现在,显然 std :: to_string()不适用于我,标准中有很多函数在数值和char之间进行转换,我找不到任何给予我UTF8支持并输出 std :: string

Now, clearly std::to_string() doesn't work for me, there are a lot of functions in the standard to convert between numeric values and char, I can't find anything that grants me UTF8 support and outputs an std::string.

我想问我是否从头开始创建这个函数,或者在C ++ 11标准中有一些东西可以帮助我。请注意,我的编译器(gcc / g ++ 4.8.1)不提供对 codecvt 的完全支持。
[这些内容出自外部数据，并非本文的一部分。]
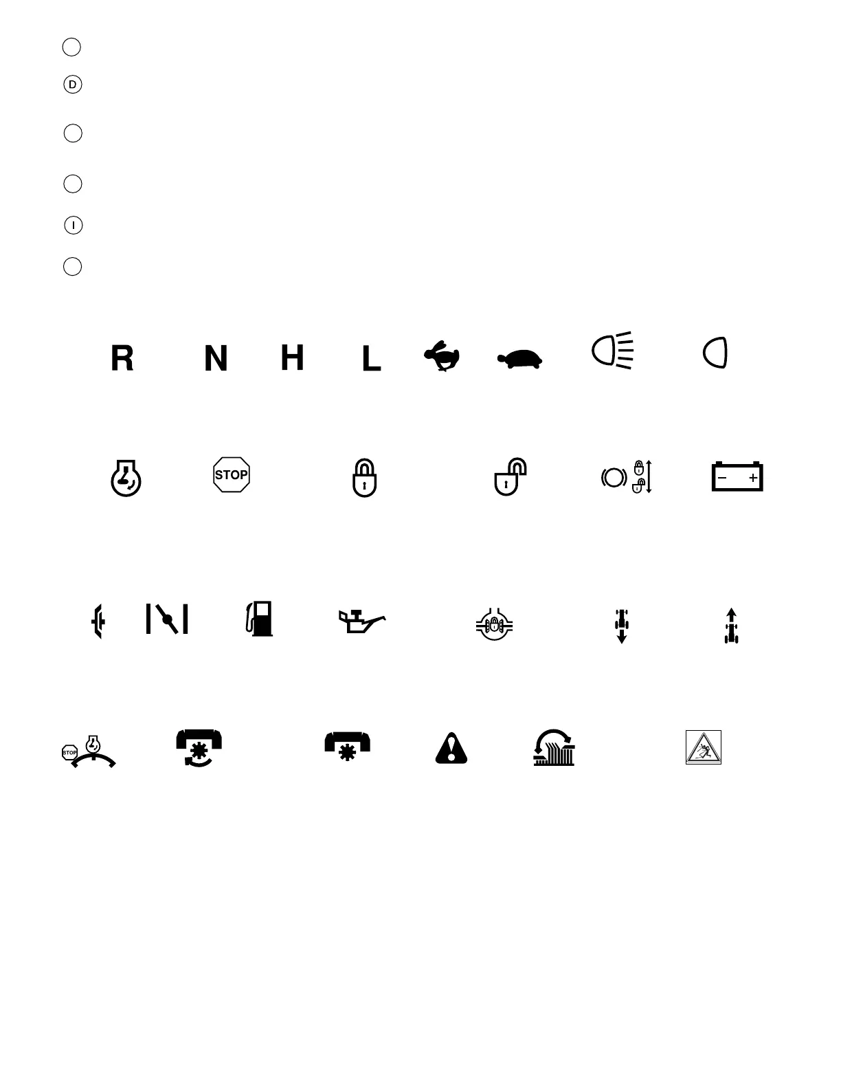 These symbols may appear on your tractor or in the literature supplied with the product. Learn and understand their meaning.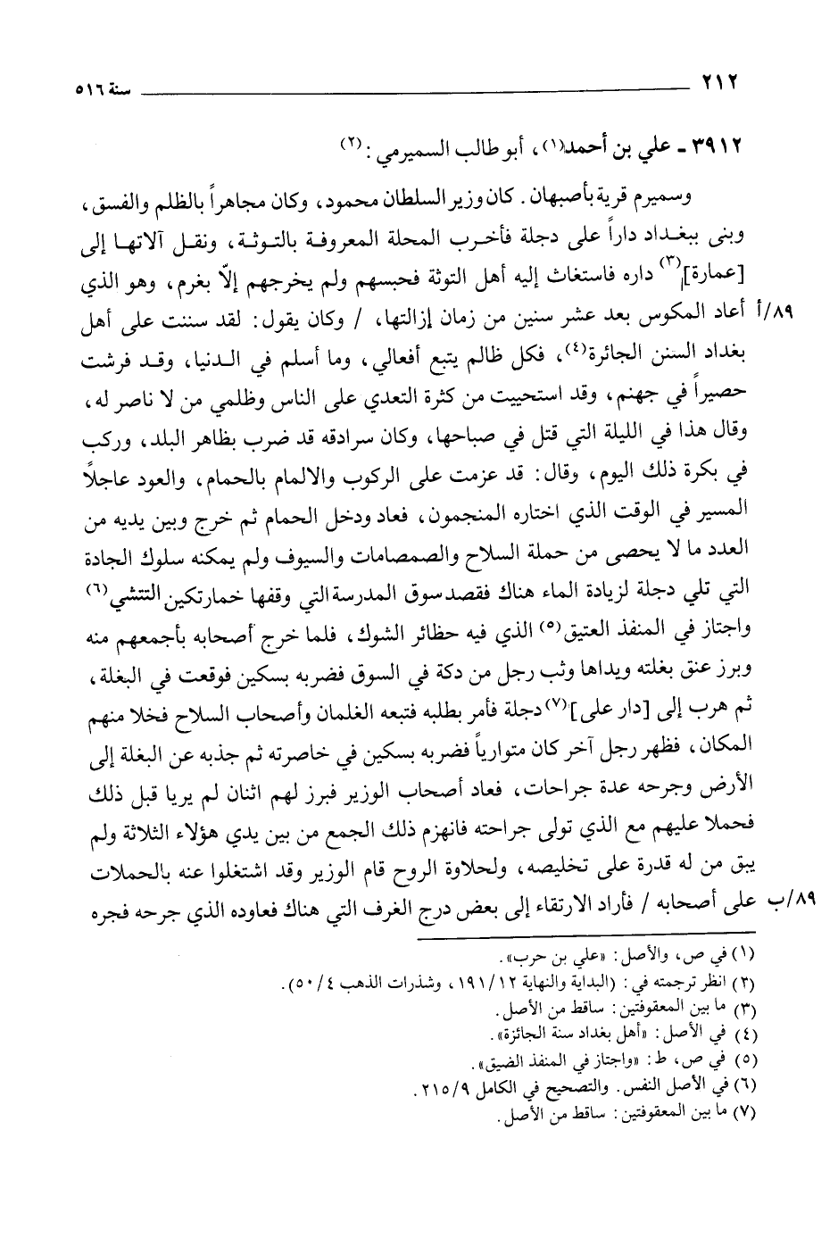 [2] وسميرم قرية بأصبهان. كان وزير السلطان محمود، وكان مجاهرا بالظلم والفسق، وبنى ببغداد دارا على دجلة فأخرب المحلة المعروفة بالتوثة، ونقل آلاتها إلى [عمارة] [3] داره فاستغاث إليه أهل التوثة فحبسهم ولم يخرجهم إلا بغرم، وهو الذي 89/ أأعاد المكوس بعد عشر سنين من زمان إزالتها، / وكان يقول: لقد سننت على أهل بغداد السنن الجائرة [4] ، فكل ظالم يتبع أفعالي، وما أسلم في الدنيا، وقد فرشت حصيرا في جهنم، وقد استحييت من كثرة التعدي على الناس وظلمي من لا ناصر له، وقال هذا في الليلة التي قتل في صباحها، وكان سرادقه قد ضرب بظاهر البلد، وركب في بكرة ذلك اليوم، وقال: قد عزمت على الركوب والإلمام بالحمام، والعود عاجلا المسير في الوقت الذي اختاره المنجمون، فعاد ودخل الحمام ثم خرج وبين يديه من العدد ما لا يحصى من حملة السلاح والصمصامات والسيوف ولم يمكنه سلوك الجادة التي تلي دجلة لزيادة الماء هناك فقصد سوق المدرسة التي وقفها خمارتكين التتشي [5] واجتاز في المنفذ العتيق [6] الذي فيه حظائر الشوك، فلما خرج أصحابه بأجمعهم منه وبرز عنق بغلته ويداها وثب رجل من دكة في السوق فضربه بسكين فوقعت في البغلة، ثم هرب إلى [دار على] [7] دجلة فأمر بطلبه فتبعه الغلمان وأصحاب السلاح فخلا منهم المكان، فظهر رجل آخر كان متواريا فضربه بسكين في خاصرته ثم جذبه عن البغلة إلى الأرض وجرحه عدة جراحات، فعاد أصحاب الوزير فبرز لهم اثنان لم يريا قبل ذلك فحملا عليهم مع الذي تولى جراحته فانهزم ذلك الجمع من بين يدي هؤلاء الثلاثة ولم يبق من له قدرة على تخليصه، ولحلاوة الروح قام الوزير وقد اشتغلوا عنه بالحملات 89/ ب على أصحابه/ فأراد الارتقاء إلى بعض درج الغرف التي هناك فعاوده الذي جرحه فجره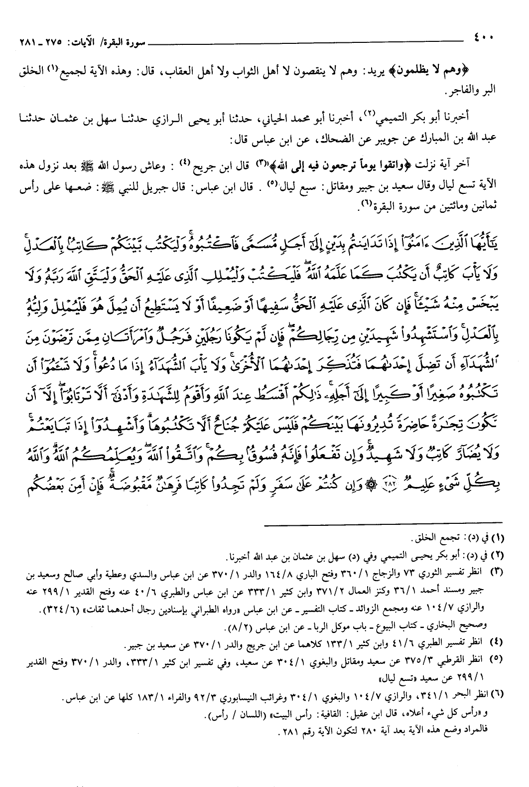 ] يَأَيُّهَا الَّذِينَ آمَنُوا إِذَا تَدَايَنْتُمْ بِدَيْنٍ إِلَى أَجَلٍ مُسَمًّى فَاكْتُبُوهُ وَلْيَكْتُبْ بَيْنَكُمْ كَاتِبٌ بِالْعَدْلِ وَلا يَأْبَ كَاتِبٌ أَنْ يَكْتُبَ كَمَا عَلَّمَهُ اللَّهُ فَلْيَكْتُبْ وَلْيُمْلِلِ الَّذِي عَلَيْهِ الْحَقُّ وَلْيَتَّقِ اللَّهَ رَبَّهُ وَلا يَبْخَسْ مِنْهُ شَيْئًا فَإِنْ كَانَ الَّذِي عَلَيْهِ الْحَقُّ سَفِيهًا أَوْ ضَعِيفًا أَوْ لا يَسْتَطِيعُ أَنْ يُمِلَّ هُوَ فَلْيُمْلِلْ وَلِيُّهُ بِالْعَدْلِ وَاسْتَشْهِدُوا شَهِيدَيْنِ مِنْ رِجَالِكُمْ فَإِنْ لَمْ يَكُونَا رَجُلَيْنِ فَرَجُلٌ وَامْرَأَتَانِ مِمَّنْ تَرْضَوْنَ مِنَ الشُّهَدَاءِ أَنْ تَضِلَّ إِحْدَاهُمَا فَتُذَكِّرَ إِحْدَاهُمَا الأُخْرَى وَلا يَأْبَ الشُّهَدَاءُ إِذَا مَا دُعُوا وَلا تَسْأَمُوا أَنْ تَكْتُبُوهُ صَغِيرًا أَوْ كَبِيرًا إِلَى أَجَلِهِ ذَلِكُمْ أَقْسَطُ عِنْدَ اللَّهِ وَأَقْوَمُ لِلشَّهَادَةِ وَأَدْنَى أَلَّا تَرْتَابُوا إِلا أَنْ تَكُونَ تِجَارَةً حَاضِرَةً تُدِيرُونَهَا بَيْنَكُمْ فَلَيْسَ عَلَيْكُمْ جُنَاحٌ أَلَّا تَكْتُبُوهَا وَأَشْهِدُوا إِذَا تَبَايَعْتُمْ وَلا يُضَارَّ كَاتِبٌ وَلا شَهِيدٌ وَإِنْ تَفْعَلُوا فَإِنَّهُ فُسُوقٌ بِكُمْ وَاتَّقُوا اللَّهَ وَيُعَلِّمُكُمُ اللَّهُ وَاللَّهُ بِكُلِّ شَيْءٍ عَلِيمٌ {282} وَإِنْ كُنْتُمْ عَلَى سَفَرٍ وَلَمْ تَجِدُوا كَاتِبًا فَرِهَانٌ مَقْبُوضَةٌ فَإِنْ أَمِنَ بَعْضُكُمْ

I would like to ask if I have to create this function from scratch or there is something in the C++11 standard that can help me with that; please note that my compiler ( gcc/g++ 4.8.1 ) doesn't offer a complete support for codecvt.

推荐答案

这里是一些C ++代码,不会很难转换为C.改编自旧版回答

Here's some C++ code that wouldn't be hard to convert to C. Adapted from an older answer.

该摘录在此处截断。